Сайт доступен в режиме «чтение» до сентября 2020 года. Операции с токенами Golos, Cyber можно проводить, используя альтернативные клиенты или через эксплорер Cyberway. Подробности здесь: https://golos.io/@goloscore/operacii-s-tokenami-golos-cyber-1594822432061
С уважением, команда “Голос”
GOLOS
RU
EN
UA
msong
6 лет назад

Дело о коричневой шлюхе

Лейтенант Элберт с трудом пробирался сквозь иссушенные, трущобные улочки на служебном автомобиле. Вокруг было много мусора и детей — обе эти массы воняли одинаково скверно. Старый клаксон надрывался дуэтом с полицейской сиреной, но толку от этого было мало. Когда-то он выходил из машины и вручную перетаскивал спившихся, спящих и мертвых доходяг, освобождая дорогу. Сейчас он просто переезжал их, если те не подавали признаков жизни. Его мозг привычно отфильтровывал ощущения мягкого переваливания, когда колеса сминали под собой человеческие тела.

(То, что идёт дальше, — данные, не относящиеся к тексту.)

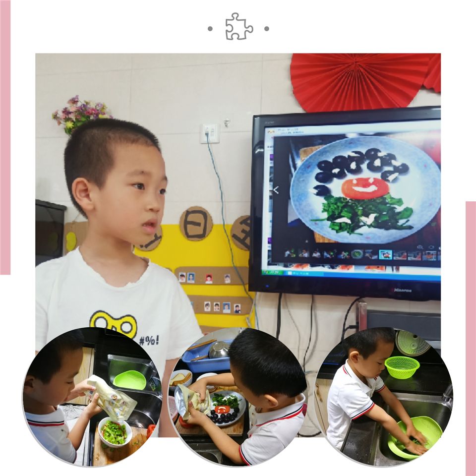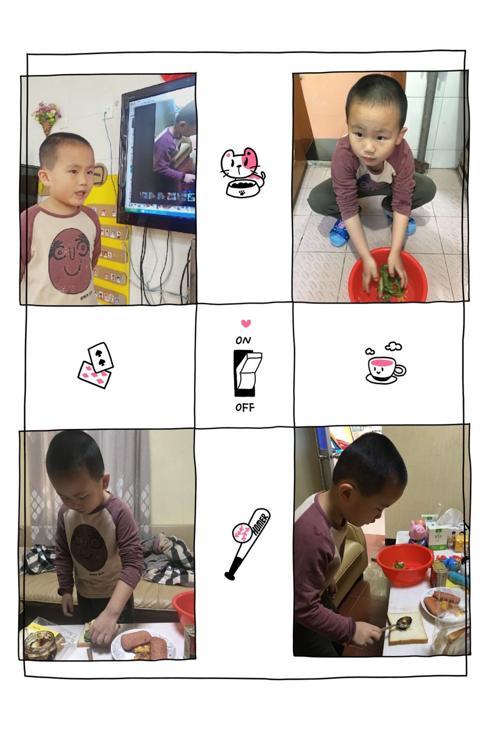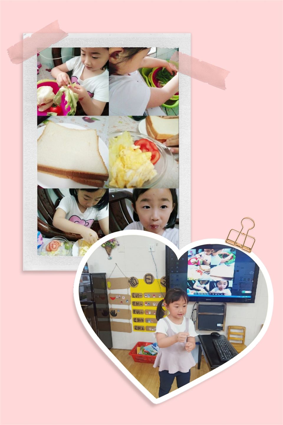 美味的三明治,可口的蔬菜沙拉,清爽的蒜蓉炒青菜,……来来来,我们来分享:先把青菜洗一洗,前面后面都要洗干净哦,再把青菜撕成一片一片加点水果,再加点沙拉酱,哇哦!还有还有,我们把青菜洗干净,在锅里放点油,炒一炒,放点盐,真的太太太好吃了,可以吃两碗饭哦!三明治才是最最美味的,先把面包烤一下,放上洗好的生菜、培根,最后抹上一些爸爸一定要我放的枇杷膏,自己动手做的三明治就是好吃!

Как всегда, лейтенант старался думать только о предстоящей работе.
Через опущенные стекла в салон проникало отвратительное зловоние: земля в этом районе была покрыта тонким слоем зелено-коричневой воды — последствие стародавнего прорыва канализации. Элберту некстати представилось, как ополоумевшие жители нападают на «фараонов», и им приходится мчаться напролом — прямо по трупам, вперемешку с дерьмом и грязью.

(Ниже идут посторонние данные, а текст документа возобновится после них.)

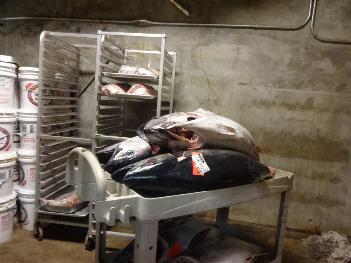 クーラーボックスにビールやマグロを入れておいてくれるのでそのあとで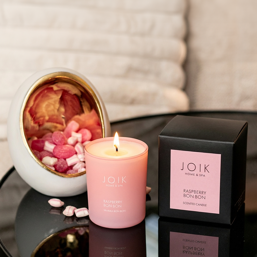Scented candle Raspberry Bon Bon in a beautiful gift box makes a perfect present for a loved one, a dear friend, or a cherished family member who appreciates luxurious fragrance experiences.
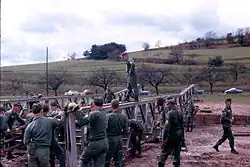 A Co builds a Bailey bridge during training near Aschaffenburg, 1966.

На заднем сидении сидел тот, кто был причиной открытых окон, хоть лейтенант и сам не знал, какое из двух зол меньшее. Субтильный молодой человек с тонким, артистичным лицом, сейчас искривленным извиняющейся улыбкой. Санинспектор, зараженный дурнопахнущими грибными спорами и потому чувствующий изменения в людских организмах. Полицейский уже сталкивался с ним в поле, и впечатление о нем составил самое положительное. По крайней мере, санинспектор не позволял обиде и горечи за собственное уродство изрыгать ругательства своими устами. Элберт с высоты пятидесяти с лишним лет чувствовал отеческую ответственность, и про себя жалел парня. Поэтому не далее, чем двадцать минут назад он чуть ли не насильно пожал спрятанную в перчатке руку молодого человека, когда тот представился Майклом и с натянутой дружелюбностью сообщил копу, что их отправили на дело.
— Когда-нибудь видели кадавра? — подал он голос с заднего сиденья, будто почувствовав мысли напарника.
Лейтенант ответил не сразу: разбитое шоссе без предупреждения уткнулось в очередные бетонные руины, и он медленно, миллиметр за миллиметром, разворачивал автомобиль.
— Нет, ни разу, — наконец собрался с мыслями Элберт, выведя машину на относительно ровный участок, — Только стрелял.
— Как так? — вежливо удивился его собеседник.
— Вел заградительный огонь, — пояснил полицейский, — То мелочь была, недоделка. Операцию провели с помпой; тогда наш департамент не был столь… могущественен.
— Тогда почему вы ушли из отдела нравов — на низкооплачиваемый, опасный пост?
Мужчина раздраженно поскреб серебрящуюся в рассеянном свете щетину. В голосе юноши ему послышалось пренебрежительное любопытство, и он в очередной раз напомнил себе, что инспекторы не считают людей себе ровней. Это была болезненная гордость прокаженных, и бороться с подобным было не в его, Элберта, власти.
Так что он просто замолк на весь остаток пути.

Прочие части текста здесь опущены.